Excerpts from a dataset

--- START ---

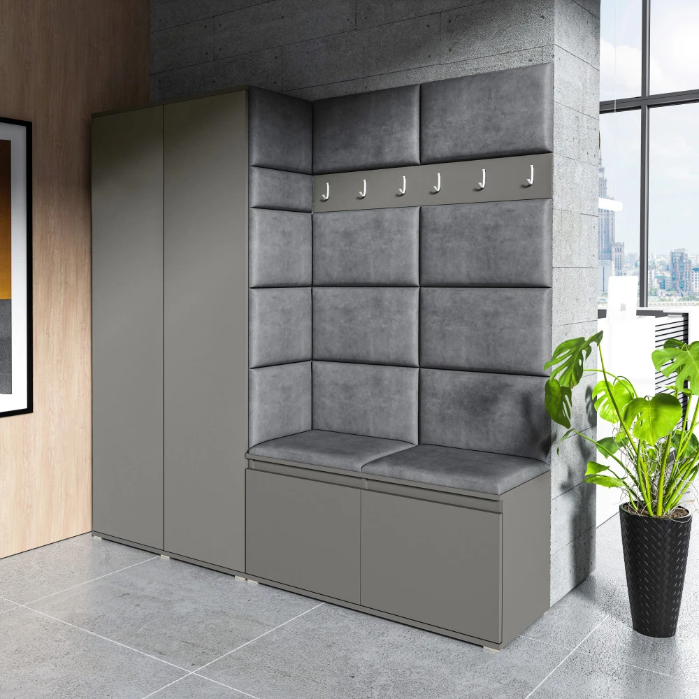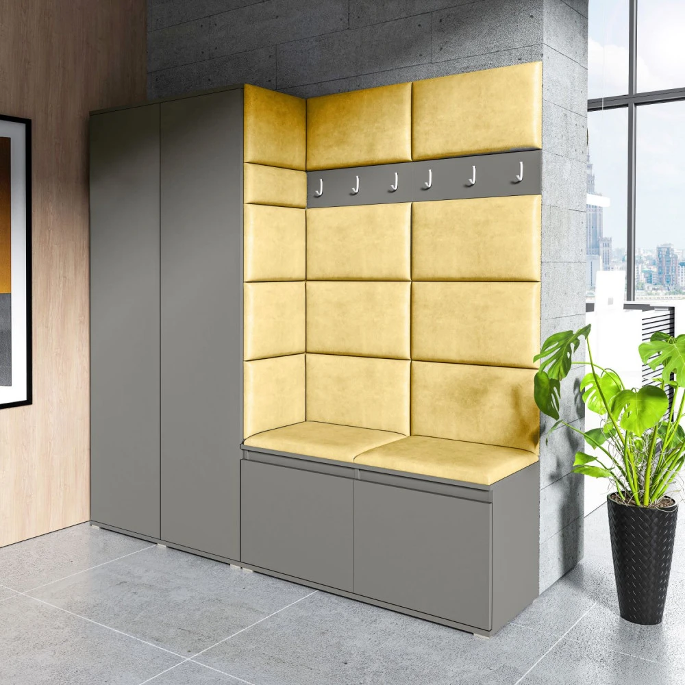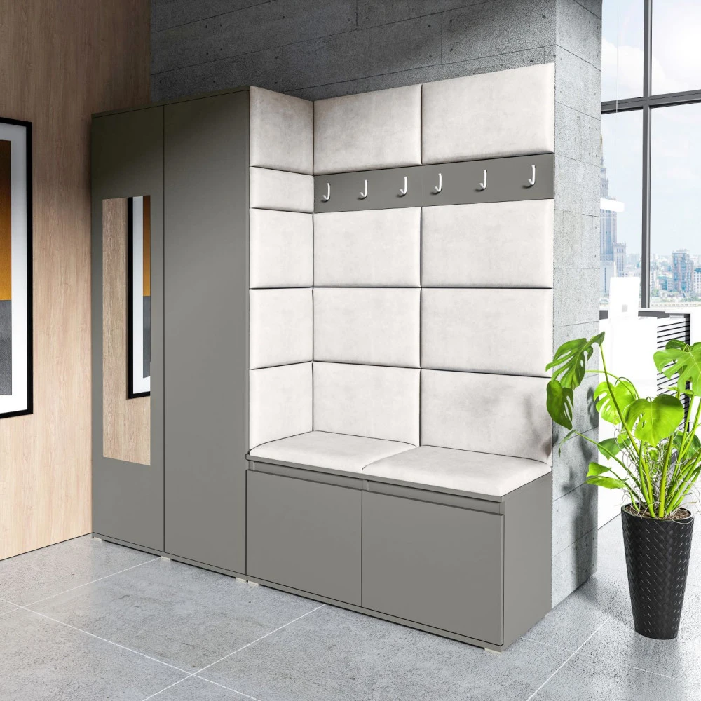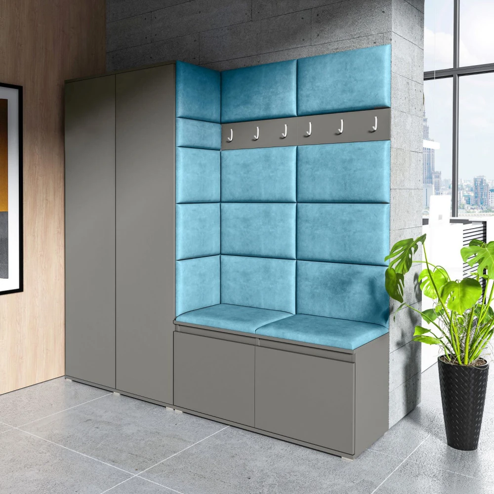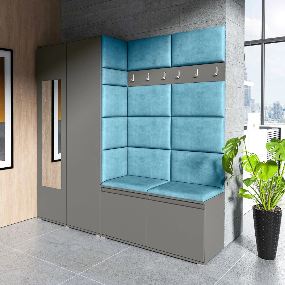 Čalouněná předsíň EMI 8 s barevnými panely je ideální volbou pro ty, kteří hledají originální a funkční řešení.Představujeme vám čalouněnou předsíň EMI, která kombinuje moderní design, praktické využití a jedinečnou estetiku. Čalouněné panely v různých barvách jsou nejen vizuálně atraktivní, ale také přinášejí pohodlí a funkčnost, díky kterým bude vaše předsíň působit útulně a stylově zároveň.Čalouněné panely EMI jsou vyrobeny z odolných materiálů, které zajišťují dlouhou životnost i snadnou údržbu. Povrchy odolné vůči nečistotám a vlhkosti jsou praktické zejména v předsíních, které jsou každodenně zatěžované. Stěnu si můžete umístit v pravo nebo v levo, taktéž si můžete sami zvolit kam dáte dvířka se zrcadlem.
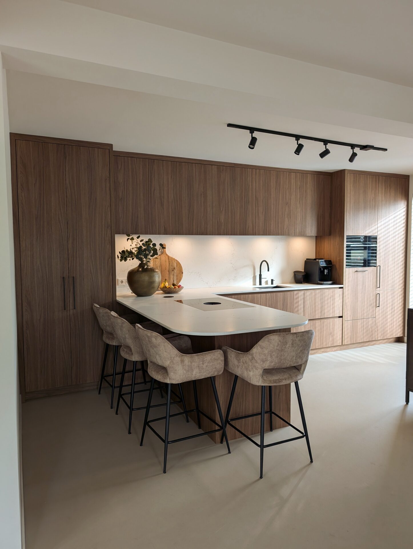 Greeploos, minimalistisch en strak. Een moderne maatwerk keuken van Volmaak kenmerkt zich door rustige kleuren zoals zwart, beige of taupe, dunne werkbladen en strakke lijnen zonder poespas. Populair bij nieuwbouwwoningen en design-georiënteerde klanten die rust en overzicht willen in hun keuken.
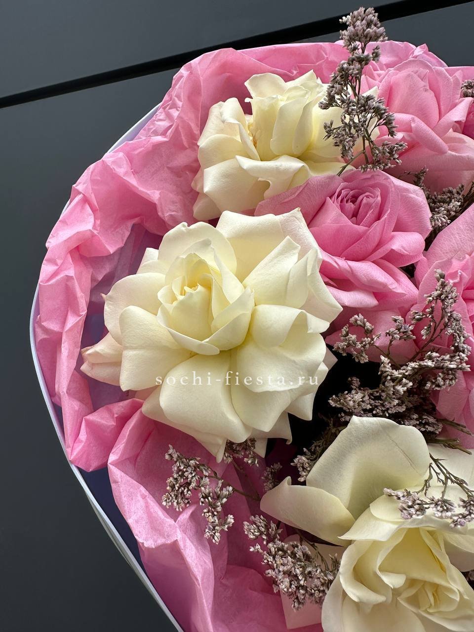 Мы работаем только со свежими цветами — букеты радуют от 7 до 14 дней и дольше при правильном уходе.
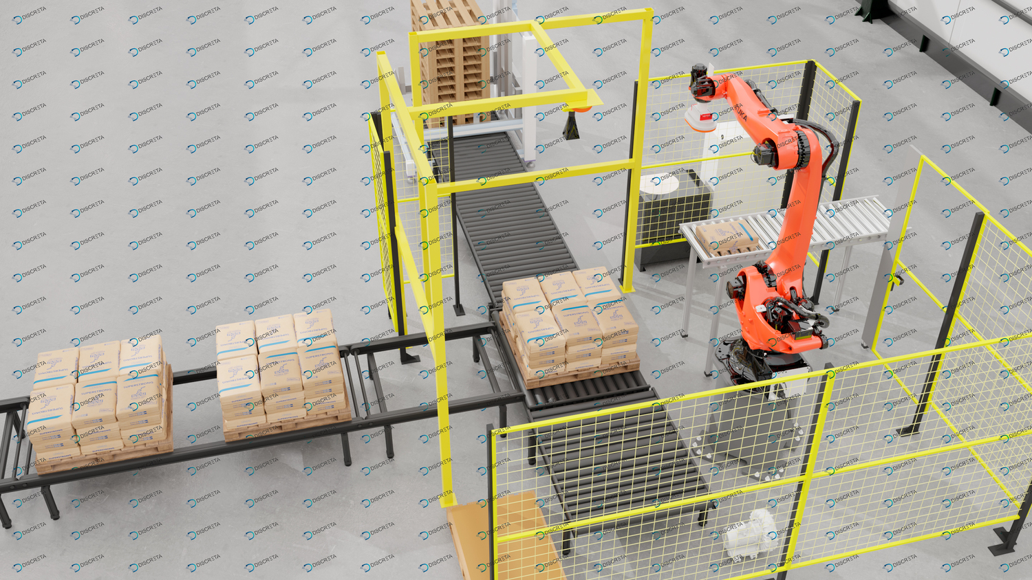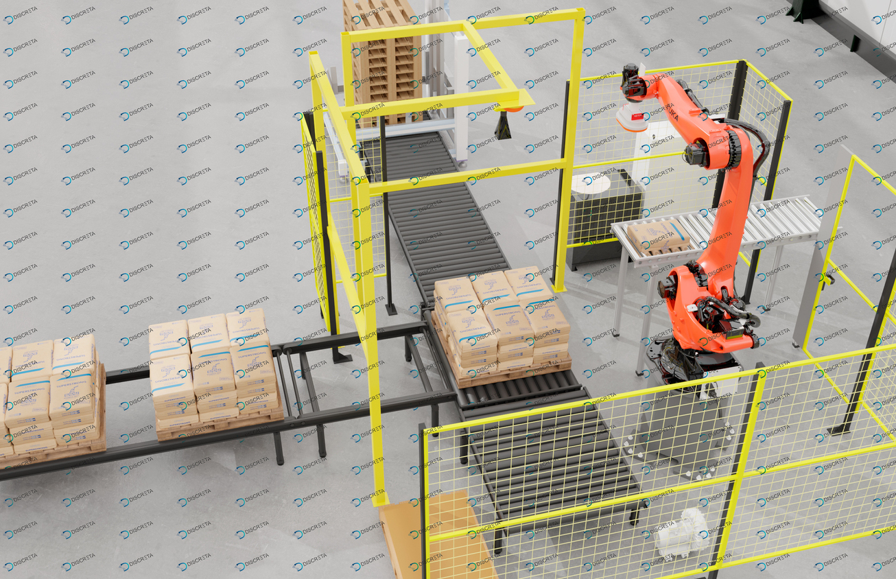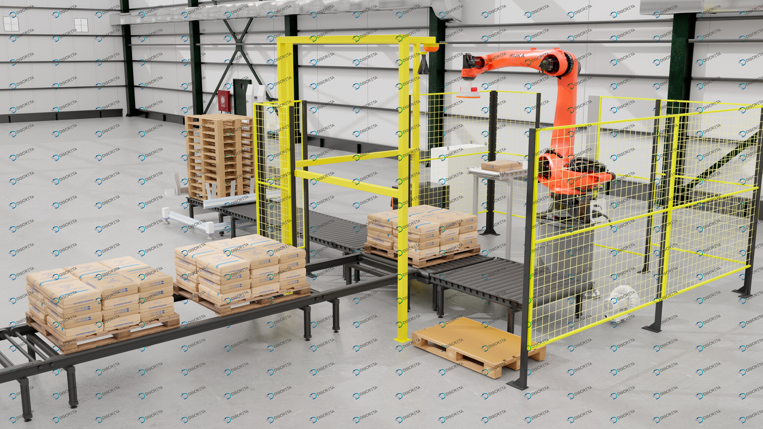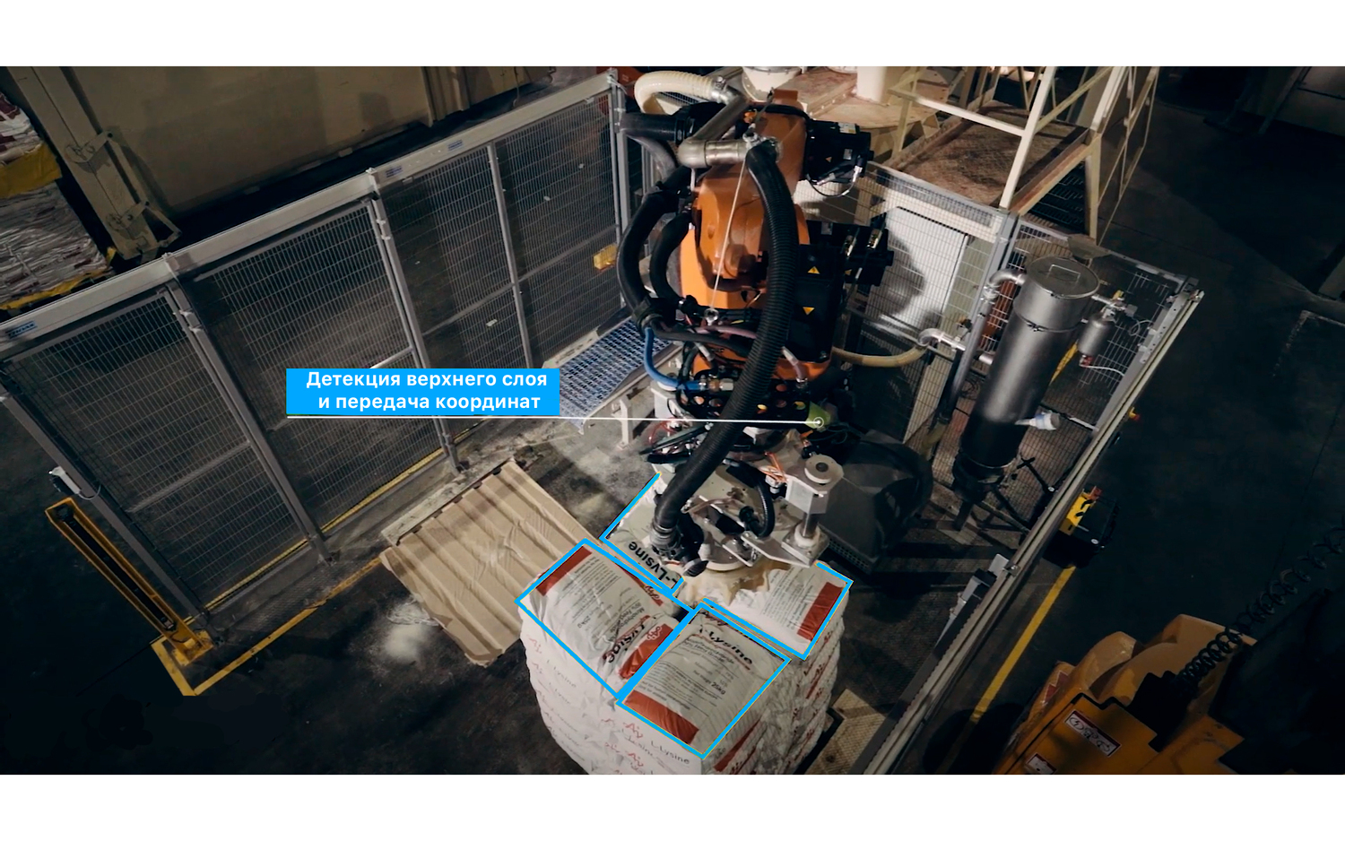 Роботизированный комплекс депаллетирования мешков 50 кг на паллете. Скорость 350 мешков в час. Система технического зрения сканирует паллету с продуктом и передает координаты роботу для захвата и укладки на приемный конвейер. Сокращение тяжелого труда грузчиков, уменьшение производственной площади, занятой под депаллетизацию, ускорение деполитизации до 3х раз. Подобные системы используются также для растарки сырья.
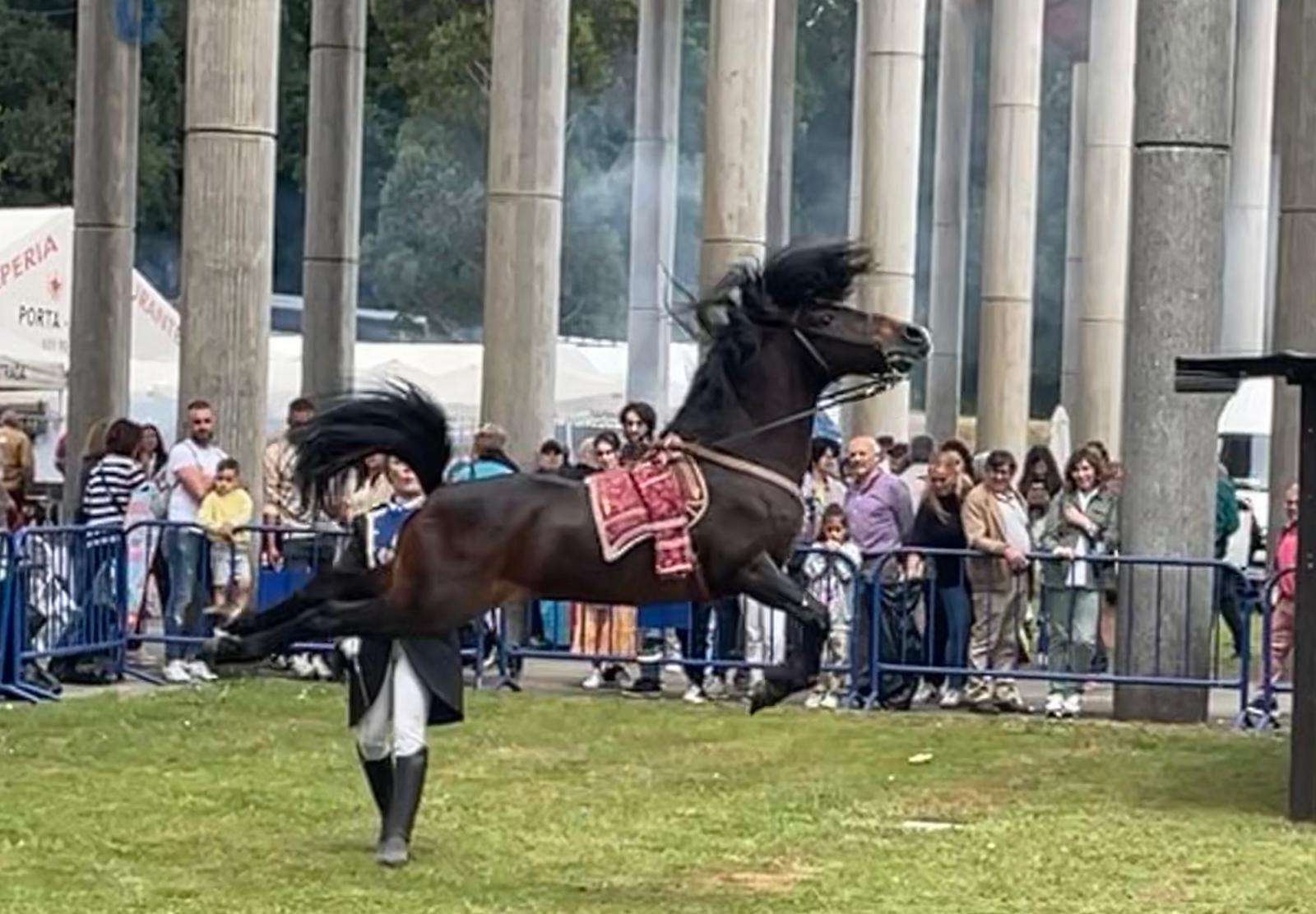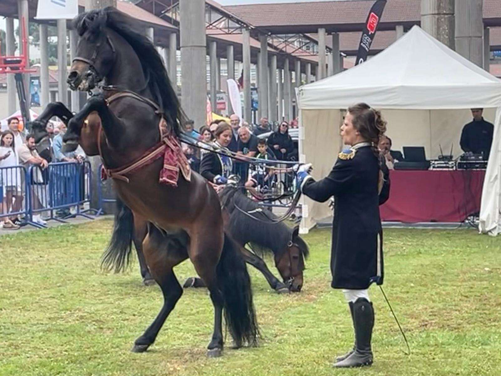 Uno de los momentos más esperados y aplaudidos fueron las espectaculares presentaciones de doma de alta escuela de los “Dragóns de Santiago”, que incluyeron ejercicios de riendas largas y trabajos pie a tierra. Estas exhibiciones no solo atrajeron a un público masivo, sino que multiplicaron el interés por el caballo de Pura Raza Gallega en redes sociales, generando miles de imágenes y vídeos compartidos por los asistentes.

--- END ---

■ What you are asked to do
Would you give again, exactly, the lines in the data above that run from the line containing "Мы работаем только" to the line containing "Роботизированный комплекс депаллетирования"? Include both ends and no pictures.

■ Solution below
 Мы работаем только со свежими цветами — букеты радуют от 7 до 14 дней и дольше при правильном уходе.
 Роботизированный комплекс депаллетирования мешков 50 кг на паллете. Скорость 350 мешков в час. Система технического зрения сканирует паллету с продуктом и передает координаты роботу для захвата и укладки на приемный конвейер. Сокращение тяжелого труда грузчиков, уменьшение производственной площади, занятой под депаллетизацию, ускорение деполитизации до 3х раз. Подобные системы используются также для растарки сырья.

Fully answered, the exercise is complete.